Justice for Journalists Foundation is a non-governmental organization whose mission is to fight impunity for attacks against media. Based in London, its main goal is to protect journalists from the abuse of their right to freedom of expression, increase public awareness about attacks on media workers and provide journalists with the knowledge and skills necessary to protect themselves from professional risks.

The Foundation collaborates with international NGOs, journalists, educational and research organizations. Among the partners of Justice for Journalists are Reporters Without Borders, the Foreign Policy Centre, Article 19, Charter 97 and Rory Peck Trust.

Activities 
The Foundation's activities consist of four main areas, as stated on its website. 

 Grants for investigating violent crimes against media workers.
 Media Risk Map: monitoring and analysis of attacks on media workers in 12 post-Soviet countries (excluding the Baltic states).
 The Orkhan Dzhemal Media Safety Academy, Russian-language safety training for professional journalists, citizen journalists, and bloggers.
 Raising public awareness about the realities of media work worldwide via visual and print materials, as well as conferences, roundtables, and seminars.

Investigative Grants 

Every year, the Justice for Journalists Foundation awards grants to professional and independent journalists, as well as NGOs, to investigate violent crimes against journalists and media workers. The grant program is open to journalists from around the world.

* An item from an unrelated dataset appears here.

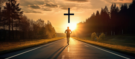 Silhouette of a man jogging on an empty road with a cross in the background

In 2019, thanks to the support from the Foundation's grant program, the Kyiv Post media outlet published a special project called Dying for Truth, a series of investigative articles about violence against journalists in Ukraine.

In 2019, the Foundation has supported two investigations into the murder of Maltese investigative journalist Daphne Caruana Galizia — the book Murder on the Malta Express: Who Killed Daphne Caruana Galizia? by Manuel Delia, Carlo Bonini, and John Sweeny and the comprehensive joint report titled Justice delayed: the assassination of Daphne Caruana Galizia and Malta's deteriorating press freedom climate by Reporters Without Borders and independent Maltese outlet The Shift News. The book Murder on the Malta Express: Who Killed Daphne Caruana Galizia? won the National Book Council award for Literary non-fiction in Maltese and English.

In September 2020, the Foundation supported the investigation into the murder of journalist Pavel Sheremet by the independent media outlet Zaborona.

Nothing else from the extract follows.